|
HI,I also face this issue。It happened for four times this month。
this error msg:
setShardVersion failed host: mongo4.mcloud.139.com:20004
{ oldVersion: Timestamp 0|0, oldVersionEpoch: ObjectId('000000000000000000000000'), ns: "mcloud.m_iosyncdetaillog", version: Timestamp 560000|381, versionEpoch: ObjectId('51d37afa0b8c2dd3569f5ed6'), globalVersion: Timestamp 561000|0, globalVersionEpoch: ObjectId('51d37afa0b8c2dd3569f5ed6'), reloadConfig: true, errmsg: "shard global version for collection is higher than trying to set to 'mcloud.m_iosyncdetaillog'", ok: 0.0 }
cause by "One mongos crashed when moveChunk jobs were running.

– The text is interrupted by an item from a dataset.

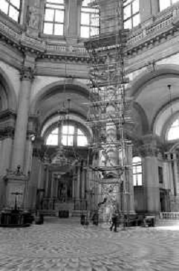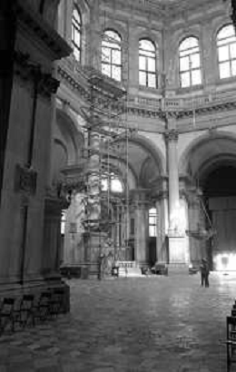 VEDUTE DELLA CITTA ' DI VENEZIA DURANTE IL RESTAURO DEL 1971 - RETROSPETTIVA NELLA FOTO L'INTERNO DELLA CHIESA O BASILICA DI SANTA MARIA DELLA SALUTE CANAL GRANDE ©Archivio Giovanni Liverani/AGENZIA ALDO LIVERANI SAS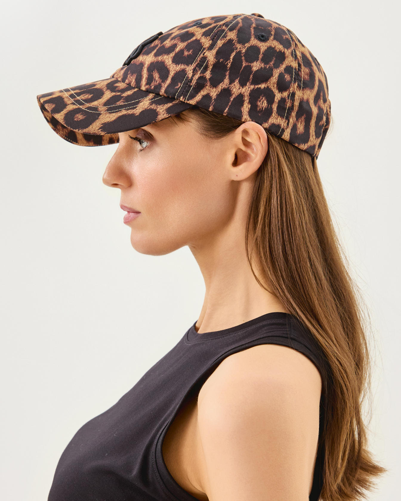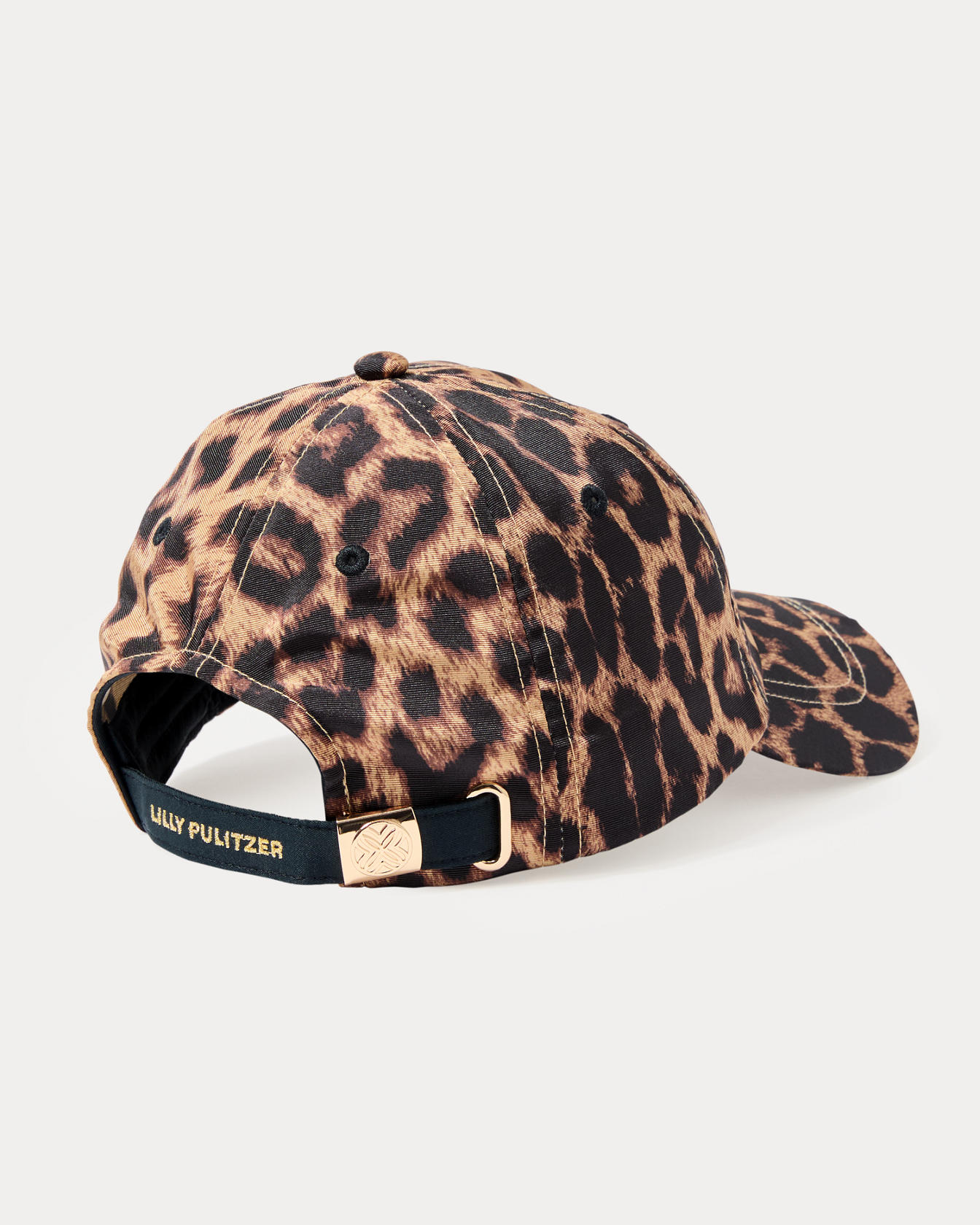 - Printed baseball hat with an embroidered logo mark and an adjustable metal buckle for fit.

The moveChunk jobs were created one by one on the another mongos node manually" ??? who can reply it?
thank you...
|
|
@Eliot, yes, the mongos crashed. Here are some additional infos of this issue:
1. the cluster topology for this issue: 2 mongos nodes, several replica sets.
2. One mongos crashed when moveChunk jobs were running. The moveChunk jobs were created one by one on the another mongos node manually.
3. It happened for several times, and should be reproduceable.
4. chensi has attached the mongos log and the gdb bt info. And if needed we can provide you the coredump file. Let me know if you want any other detail.
appreciate your reply. thanks a lot
|
|
gdb bt output:
#0 0x000000302c805f4f in ?? () from /lib64/libgcc_s.so.1
#1 0x000000302c806df7 in _Unwind_Backtrace () from /lib64/libgcc_s.so.1
#2 0x000000302afd73cf in backtrace () from /lib64/tls/libc.so.6
#3 0x000000000074d290 in formattedBacktrace (signalNum=11) at src/mongo/util/signal_handlers.cpp:93
#4 mongo::printStackAndExit (signalNum=11) at src/mongo/util/signal_handlers.cpp:115
#5 <signal handler called>
#6 0x000000302c805f4f in ?? () from /lib64/libgcc_s.so.1
#7 0x000000302c806df7 in _Unwind_Backtrace () from /lib64/libgcc_s.so.1
#8 0x000000302afd73cf in backtrace () from /lib64/tls/libc.so.6
#9 0x000000000074e663 in mongo::printStackTrace (os=...) at src/mongo/util/stacktrace.cpp:38
#10 0x000000000071af94 in mongo::msgasserted (msgid=10429,
msg=0x7eff4c816a18 "setShardVersion failed host: 10.38.171.25:7111 { oldVersion: Timestamp 29362000|0, oldVersionEpoch: ObjectId('522ad499e1814e603d11be30'), ns: \"appid250528.meta_infos0\", version: Timestamp 29362000|0, "...)
at src/mongo/util/assert_util.cpp:153
#11 0x000000000071b01c in mongo::msgasserted (msgid=<value optimized out>, msg=<value optimized out>)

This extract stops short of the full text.